Western and Japanese designers have a different approach on design. You mentioned earlier, how you grasp your concept and I know that you create your patterns manually every time. Can you tell us about this? 

I simply value creating the pattern manually by myself. Rather than giving my sketch to a patternmaker to make the garment or use a toile to perfect a design… the garment’s pattern itself is like the sketch for me. While making the pattern, I’d add a curve or so, because the image of the finalized garment is in my head. It’s all about the nuances and this way, there’s more freedom to “style this part like that” and “that part with more draping”. For me, the pattern = the sketch. Just like someone who creates design, I think of the pattern as a design, so I just manually create the perfect design that’s already in my head. When comparing it to the concept-driven Western approach, I’d say this is more skill based driven. But regardless of being Western or Japanese, I think there are very few designer who use this approach.. 

Let’s talk about the new digital format. What/how did you feel after showcasing your collection online? 

Up until now, we’d fly to Paris to showcase our collection and have it seen by the audience who are present at that particular time and place. With the show streaming live online, it makes it possible for people all over the world to watch simultaneously which is an advantage since the collection is exposed to more people. But at the same time, given the fact that the fabrics on a garment sways only with the persons movement and a garment is finally complete when a person wears it, it’s a disadvantage for me because I don’t have the chance to exhibit the garments physically. 

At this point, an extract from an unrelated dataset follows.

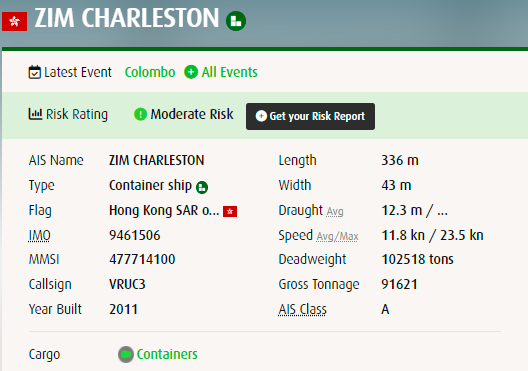集裝箱船“ZIM CHARLESTON”建造于2011年,懸掛香港區(qū)旗,運(yùn)力8586TEU,服務(wù)于以星亞洲內(nèi)部的China India Express III (CI3)航線,事發(fā)時(shí)執(zhí)行7W航次。7月份駛離中國(guó)前曾掛靠國(guó)內(nèi)多個(gè)港口。

Tell us what your future vision is for overseas. 

I want to start a company in Paris. Although, I have a company and studio in Japan, all I think about every year is introducing my collection in Paris. After having taken part in PITTI UOMO and Milan Collection, I can say Paris is the place for me. So, I’d like to establish sulvam in the city of Paris. I’m obviously thinking about boutiques but first I’ll need a studio to be the base. It would also be ideal to create a situation where I can spend half my time in Paris and the other half in Japan. 

Lastly, what are your plans for after this Covid-19 pandemic. 

I’ll continue to make good clothes no matter what the situation is. Through my clothes, I hope people will gain something and feel something. It’s difficult to live in unpleasant agony, so whatever the trigger is, people should keep moving forward. And it would be amazing if fashion could be that trigger.